Daniel Goh: NCMP Is Form Of National Service, A Privilege

I was first notified of the NCMP motion passing when a good friend texted me, while I was washing dishes after dinner, “congratulations duckweed Goh!” I had a good laugh, though this is serious business through and through. Thank you all for the messages since, sorry I have not been able to reply (been busy whole night Skyp-ing with an academic conference happening in Ottawa). There are some of you who would like me to take up the NCMP seat, and then some of you who don’t want me to, on principle and in response to what you see as ugly ruling party behaviour (vector lah, don’t take it to heart). I’ll be doing the former and this is my main reason for the decision.

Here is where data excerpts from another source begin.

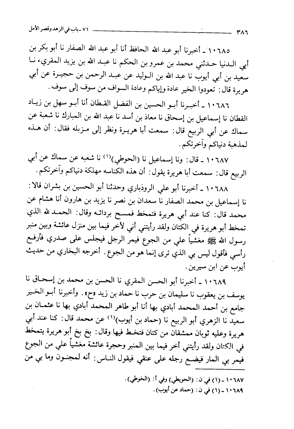 10689 - أخبرنا أبو الحسن المقري نا الحسن بن محمد بن إسحاق نا يوسف بن يعقوب نا سليمان بن حرب نا حماد بن زيد ح و أخبرنا أبو الخير جامع بن أحمد المحمد أبادي بها أنا أبو طاهر المحمد أباذي بها نا عثمان بن سعيد نا الزهري أبو الربيع نا حماد بن أيوب عن محمد قال : كنا عند أبي هريرة و عليه ثوبان ممشقان من كتان فتخط فيها و قال : بخ بخ أبو هريرة يتمخط في الكتان و لقد رأيتني أخر فيما بين المنبر و حجرة عائشة مغشيا علي من الجوع فيمر بي المار فيضع رجله على عنقي فيقول الناس : أنه لمجنون و ما بي من جنون إلا الجوع و في رواية سليمان إني لأخر بين منبر رسول الله صلى الله عليه و سلم إلى حجرة عائشة مغشيا علي فيضع رجله على عنقي و يرى أن بي جنون ما بي من جنون إلا الجوع
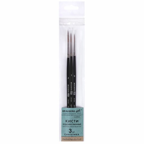 Кисти художественные набор 3 шт., синтетика (лайнеры № 0, 1, 2) BRAUBERG ART CLASSIC, 201034
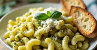 Receta de Macaroni al Pesto Toscanico (Macaroni Cacio e Pepe con un Toque Toscanico)
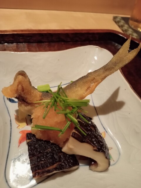 薪焼きの三重産トロサワラ、京都産丹波しめじ、栃木産きくらげ
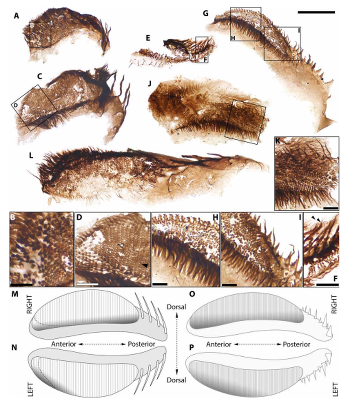 У моллюсков ученые обнаружили ряды лопатообразных зубов, которые, как считается, двигались вперед-назад для соскребания водорослей и микробов с поверхностей.
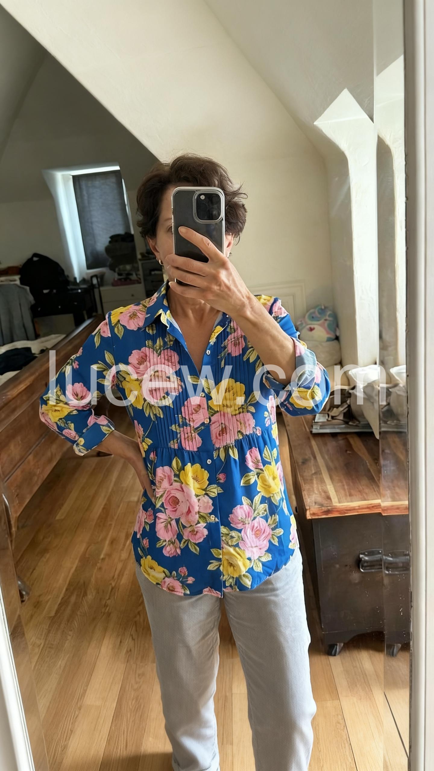 This has quickly become my go-to blouse. The blue really pops, and the yellow and pink roses are stunning. It washes well and does not wrinkle easily.
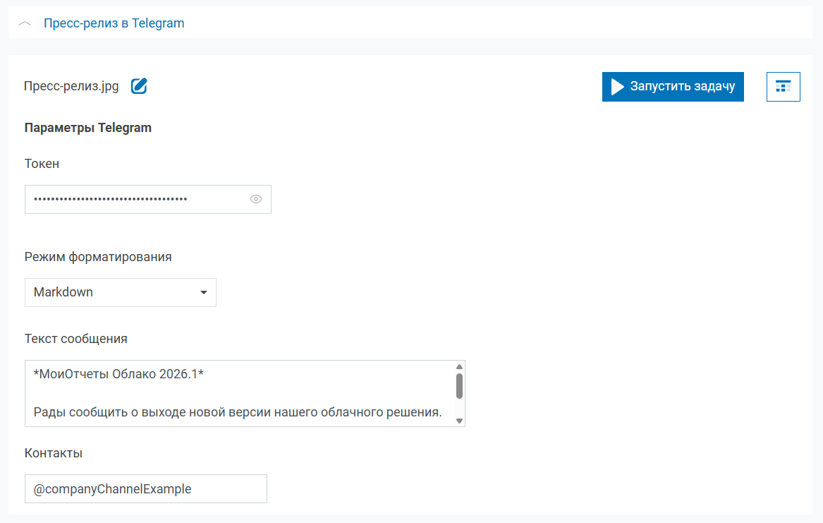 Добавлена поддержка Telegram Bot API. Как и в задаче сохранения в S3, в Telegram можно отправлять документы и шаблоны отчёта. Поддерживается отправка в каналы, личные сообщения с чат-ботом и групповые чаты. Для отправки следует использовать уникальный идентификатор или имя публичного канала или группы, в которую добавлен бот. Подробнее про Telegram-ботов и их создание можно узнать на официальном сайте Telegram.
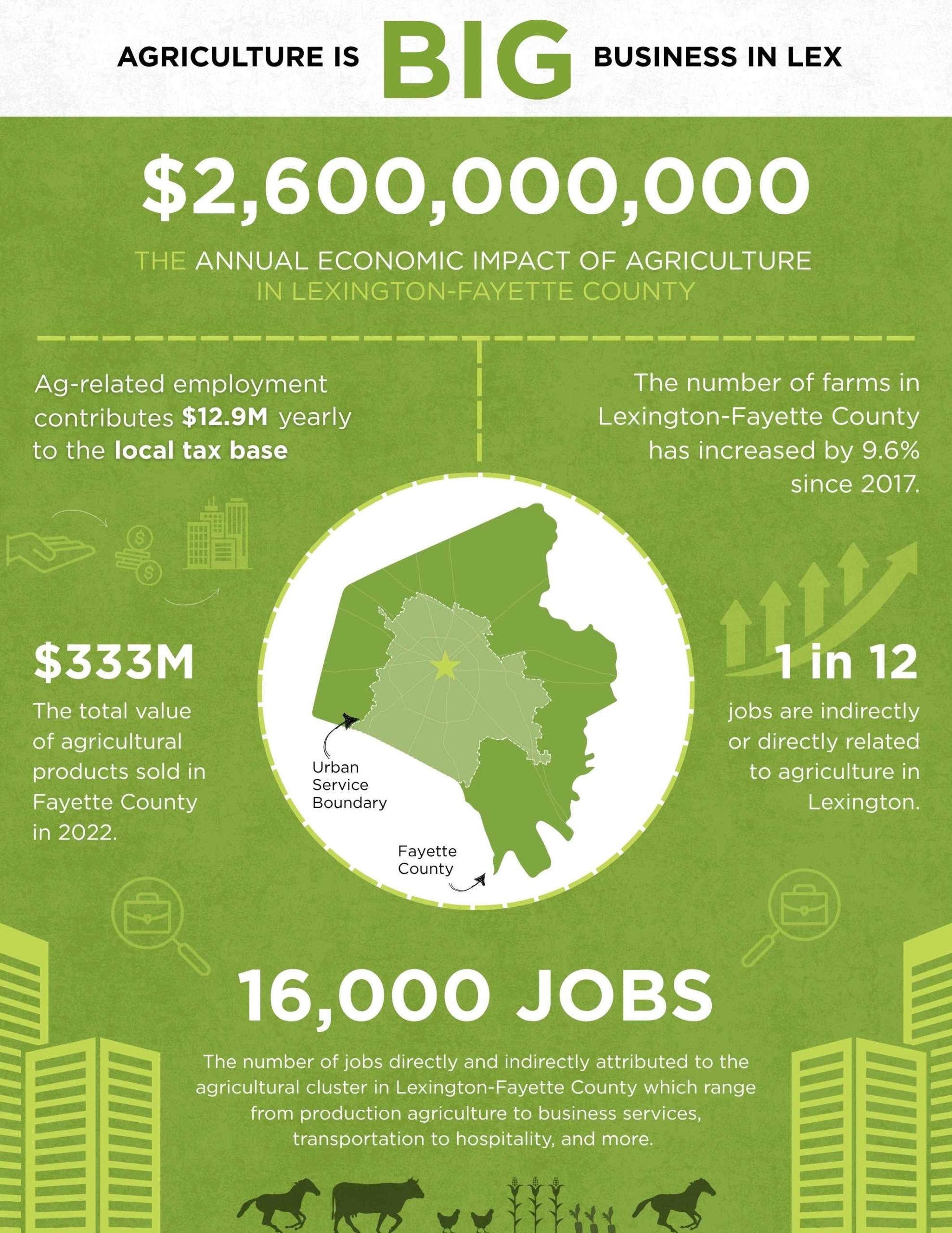 The jobs and economic impacts created by agriculture are connected to dozens of other industries throughout the Lexington community – manufacturing, trucking, local food, education, insurance, accounting, real estate, and more.
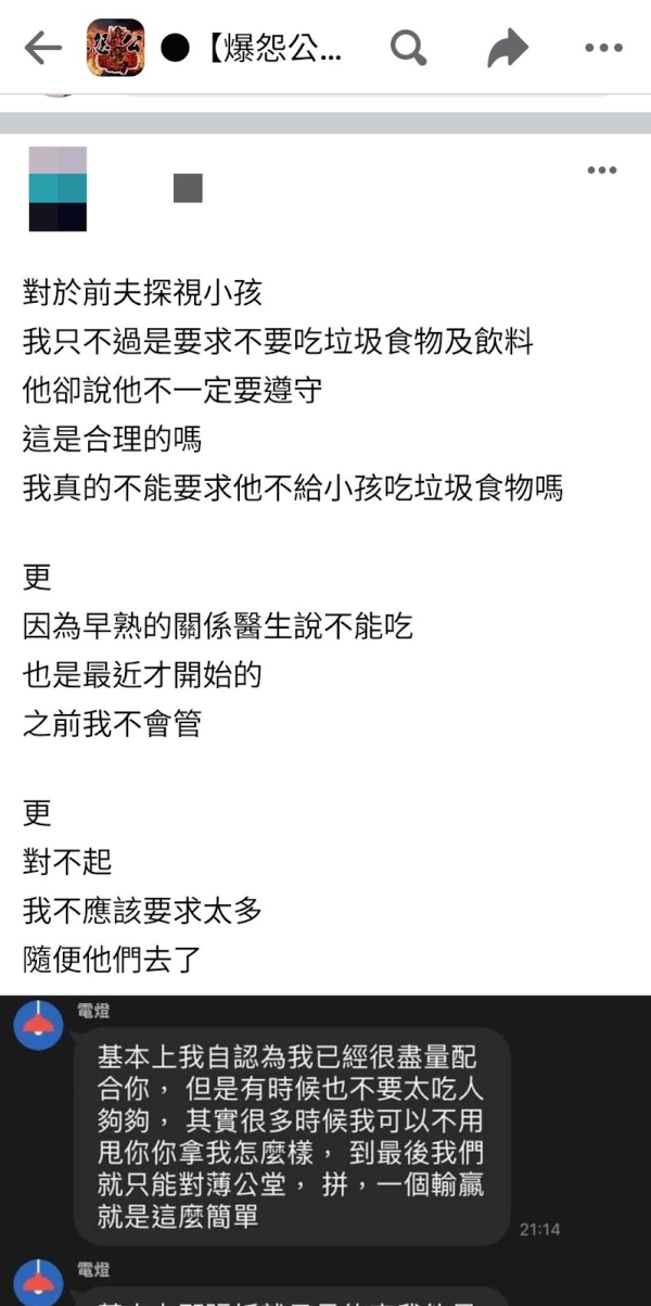 「我連留言都刷完了,簡單來說原po沒說,但小孩子應該超過10歲,並且有性早熟的狀況,可能跟某樓一樣12歲來生理期,重點是以前原po都沒在管,所以孩子應該有吃垃圾食物的習慣,或者說是已經知道垃圾食物的味道,甚至可能很喜歡吃,因為醫生現在已經不讓吃了,所以可能會跟爸爸吵說要吃,我覺得原po應該要跟自己的前夫說醫生說過的東西,告知吃垃圾食物對孩子的將來會發生什麼事,以及目前孩子的情況(因為圖的對話沒有說到),看起來只有命令式的告知前夫不可以而已,再來我覺得原po看起來才是難溝通的人,什麼都沒說清楚,看了大家的迴響之後,很難過打了最後一更的那些字,但你什麼都沒說清楚,大家只看到你命令式的方式,當然覺得是你的問題,只要有好好溝通,我相信「正常人」會明白的,甚至你也可以告訴自己小孩,說他的生理期已經嚴重提早了,繼續吃將來會怎樣,10歲左右的孩子我相信已經聽懂了,甚至男生你跟他說長不高將來把不到妹;身高不夠無法稱霸全國、也無法變身假面超人,都夠小孩嚇尿了」

Mr Low is right: NCMPs are essentially duckweeds. He is using a Chinese flower metaphor in a very natural way, the significance and nuances of which many of us, Anglophones, don’t understand. Very crudely, it means NCMPs are like pretty flowers that sink no roots, floating about and contradicting the values of harmony and community. Objectively, this is true in the long run, and I am with the WP MPs and the party opposing the NCMP scheme. But for me, personally, at this point in my life, and as I see it, at this point in Singapore’s history, the principle of national service trumps the political principle of opposing the NCMP scheme. If my country sees fit that I contribute as duckweed, then it is my honour to be duckweed Goh. It is no insult; it is a privilege.

In any case, as a good man emailed me to tell me, for Anglophones such as us, duckweeds are not altogether negative, as they are seen as resilient and prolific plants valued as livestock feed, for water purification and for alternative biofuel. That is, to feed, to clarify and to drive the greater good in our shared commons. And so I hope and will strive, wish me Godspeed.